## Task description
What lines in the material hold the string "الاحتلال"? Copy out each of them.

## Source records
______________________________

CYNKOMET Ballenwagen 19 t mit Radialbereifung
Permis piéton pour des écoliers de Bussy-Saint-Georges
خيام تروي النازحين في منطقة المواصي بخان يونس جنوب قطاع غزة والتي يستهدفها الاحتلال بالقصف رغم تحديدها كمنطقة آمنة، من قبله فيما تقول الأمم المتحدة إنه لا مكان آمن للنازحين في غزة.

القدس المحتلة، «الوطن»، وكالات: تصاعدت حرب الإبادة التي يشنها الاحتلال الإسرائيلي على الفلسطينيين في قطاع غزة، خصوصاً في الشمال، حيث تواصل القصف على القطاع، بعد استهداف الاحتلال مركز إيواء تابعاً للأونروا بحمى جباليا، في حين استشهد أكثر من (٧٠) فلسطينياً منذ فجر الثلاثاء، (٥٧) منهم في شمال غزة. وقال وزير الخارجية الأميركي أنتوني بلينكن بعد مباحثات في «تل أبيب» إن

______________________________

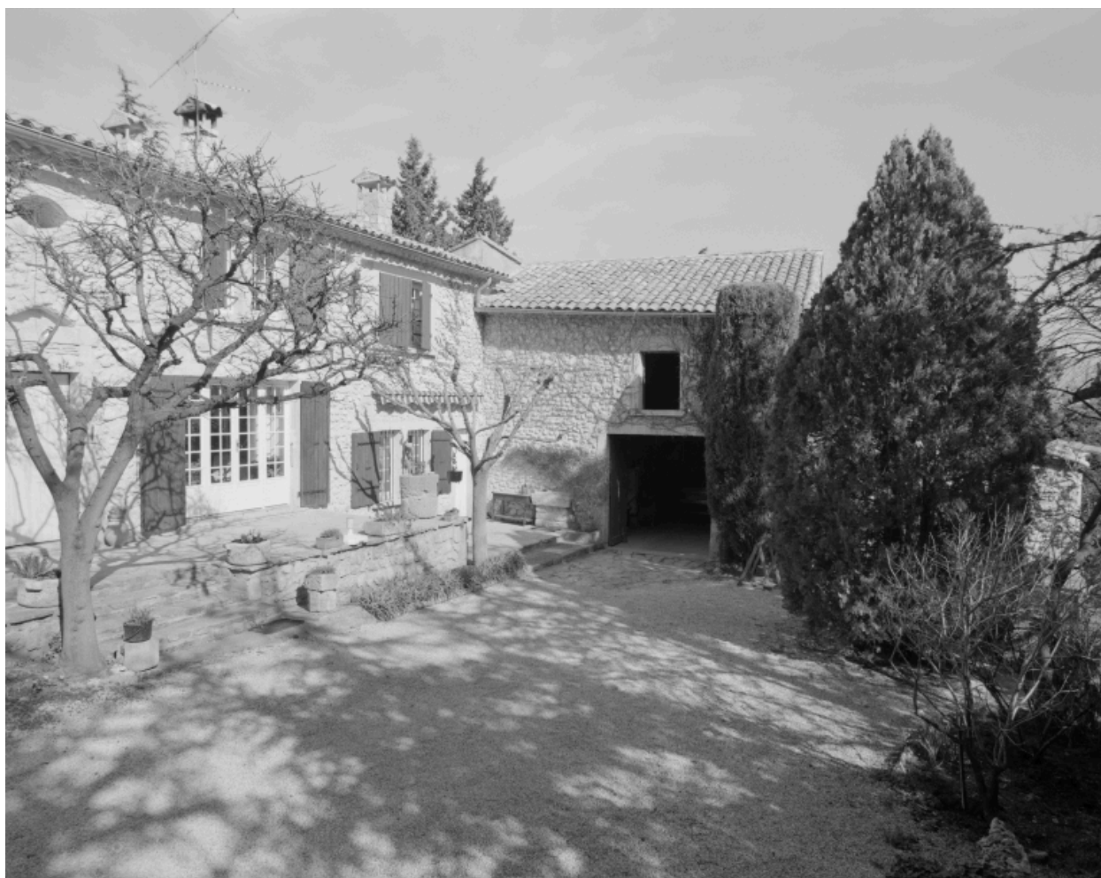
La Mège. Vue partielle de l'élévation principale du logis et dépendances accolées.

______________________________

## Response for this exercise
خيام تروي النازحين في منطقة المواصي بخان يونس جنوب قطاع غزة والتي يستهدفها الاحتلال بالقصف رغم تحديدها كمنطقة آمنة، من قبله فيما تقول الأمم المتحدة إنه لا مكان آمن للنازحين في غزة.
القدس المحتلة، «الوطن»، وكالات: تصاعدت حرب الإبادة التي يشنها الاحتلال الإسرائيلي على الفلسطينيين في قطاع غزة، خصوصاً في الشمال، حيث تواصل القصف على القطاع، بعد استهداف الاحتلال مركز إيواء تابعاً للأونروا بحمى جباليا، في حين استشهد أكثر من (٧٠) فلسطينياً منذ فجر الثلاثاء، (٥٧) منهم في شمال غزة. وقال وزير الخارجية الأميركي أنتوني بلينكن بعد مباحثات في «تل أبيب» إن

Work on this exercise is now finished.